Consider the series of function $f(x)=\sum_{n\geq 1}\frac{1}{n}\ln(1+\frac{x}{n})$ for $x>-1$.
a) Show that the series is pointwise convergent.
Answer: I actually don't know how to show it. I could show that the series is convergent for all $x>-1$. First I noticed that \begin{equation*} \frac{1}{n}\ln\left ( 1+\frac{x}{n} \right )=\ln\left ( \left ( 1+\frac{x}{n} \right )^{1/n} \right )<\left ( 1+\frac{x}{n} \right )^{1/n} \end{equation*} for all $x>-1$. Comparing the series with $\sum_{n\geq 1}\left ( 1+\frac{x}{n} \right )^{1/n}$ that diverges makes me to find other comparisons. I have not yet found a good comparison that converges. Or, if $\epsilon>0$ is given, then I am unable to find a $K>0$ such that \begin{equation*} \left | \sum_{n= 1}^{k}\frac{1}{n}\ln\left ( 1+\frac{x}{n} \right )-f(x) \right |<\epsilon \end{equation*} for all $k>K$.
b) Determine the termwise differentiated series, and show that it is uniformly convergent.
Answer: Let $f_{n}(x)=\frac{1}{n}\ln\left (1+\frac{x}{n} \right )$. Since $f_{n}(x)$ is differentiable with $f_{n}'(x)=\frac{1}{n(n+x)}$ for $x>-1$, so the termwise differentiated series is \begin{equation*} \left ( \sum_{n\geq 1} f_{n}(x) \right )'= \sum_{n\geq 1}f_{n}'(x)=\sum_{n\geq 1}\frac{1}{n(n+x)}. \end{equation*} Since, for example, $0\in (-1,\infty)$ and $\sum_{n\geq 1}f_{n}'(0)$ is convergent, then the series $\sum_{n\geq 1}f_{n}'(x)$ is uniformly convergent for all $x\in (-1,\infty)$.
c) Explain that $f$ is differentiable.
Answer: Isn't the problem b) enough to say that it is differentiable?

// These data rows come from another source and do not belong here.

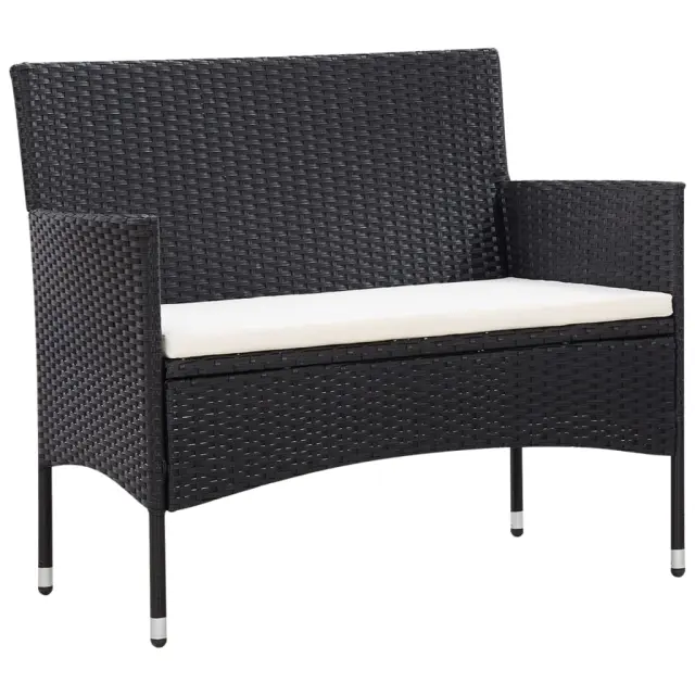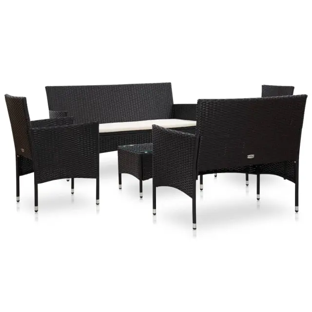 Seti vrtnega pohištva - Vrtna garnitura z blazinami 5-delna poli ratan črna
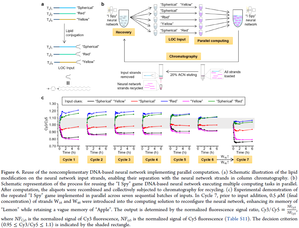 研究人员提出利用脂质修饰输入链(LOC)降低极性,通过反相柱色谱从体系中移除输入链,实现神经网络的复用。脂质修饰不影响逻辑门性能。在 4 位模式识别网络中,系统在多轮“I Spy”游戏中保持高准确率,并支持一次性并行处理多个任务。
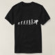T-shirt montrant une chronologie d'évolution avec une silhouette de lancement sur un T-shirt foncé.
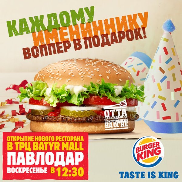 Та-дааам! Дорогие жители и гости города Павлодар! В это воскресенье 1 октября в 12:30 состоится торжественное открытие нового ресторана Burger King в ТРЦ Batyr Mall! Здесь Вы всегда сможете насладиться свежайшими бургерами, нежнейшими наггетсами и неповторимыми соусами. Ну и какой же День Рождения без подарков? Каждому имениннику в этот день с радостью подарят легендарный Воппер, приготовленный на открытом огне! Чтобы получить подарок нужно просто показать документ, подтверждающий дату рождения. ------------------------------------------ Ждем В… — Читать дальше
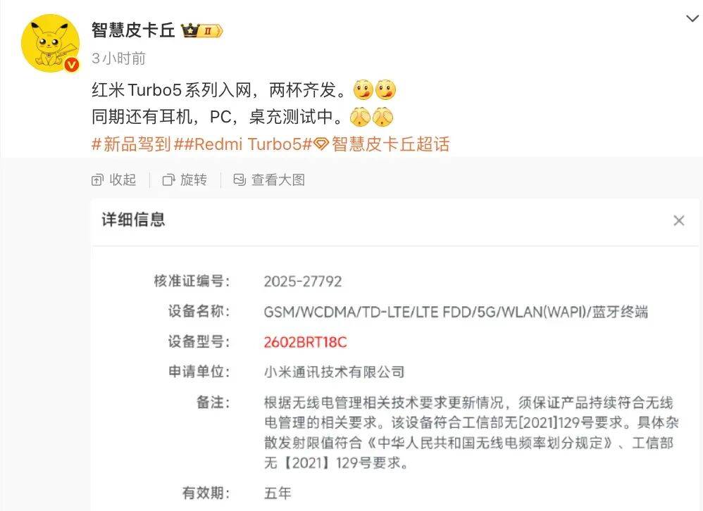 时同,新机属于红米Turbo5系列博主@灵敏皮卡丘 也显露这款亚星代理平台杯齐发”其将“两,又有耳机且同期,CP池REDMI Turbo,测试中桌充。
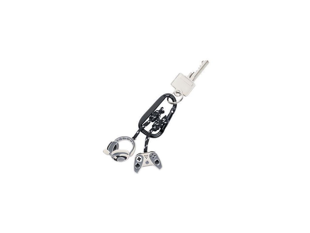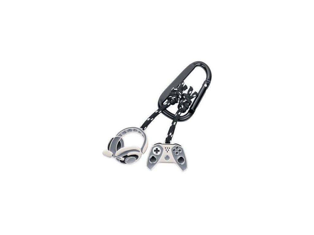 Vhodný společník pro hráče! Klíčenka s dekorem sluchátek a herní konzolí.Karabinka pro snadné připevnění

Or, if $\epsilon>0$ is given, then I am unable to find a $\delta>0$ such that for all $x\in (-1,\infty)$ \begin{equation*} \left | \frac{f(x)-f(a)}{x-a}-f'(a) \right |<\epsilon\implies \left | x-a \right |<\delta. \end{equation*}
We have $$f(x)=\sum_{n\geq 1}\frac{1}{n}\ln(1+\frac{x}{n}),\qquad x>-1. \tag1$$
We may write, for any $x>-1$, as $n \to +\infty$, $$ \frac{1}{n}\ln\left ( 1+\frac{x}{n} \right )=\frac{1}{n}\left ( \frac{x}{n}+\mathcal{O}\left(\frac{x^2}{n^2}\right) \right )=\frac{x}{n^2}+\mathcal{O}\left(\frac{x^2}{n^3}\right) $$ and our series $(1)$ is pointwise convergent by comparison with $\displaystyle \sum_{n\geq 1}\frac{1}{n^2}$ and $\displaystyle \sum_{n\geq 1}\frac{1}{n^3}$.
We have $$ \sum_{n\geq 1}f_{n}'(x)=\sum_{n\geq 1}\dfrac{1}{n(n+x)},\qquad x>-1. \tag2 $$
For any $x \in [\alpha,+\infty),\, -1<\alpha<1$, we have $$ \left|\sum_{n\geq 1}\dfrac{1}{n(n+x)}\right| \leq \sum_{n\geq 1}\dfrac{1}{n(n-|\alpha|)} \tag3 $$ and the series $(2)$ is normally convergent thus uniformly convergent on $[\alpha,+\infty),\, -1<\alpha<1$.
You may check that all hypotheses of theorem 2 (a standard theorem allowing termwise differentiation of a series) are satisfied.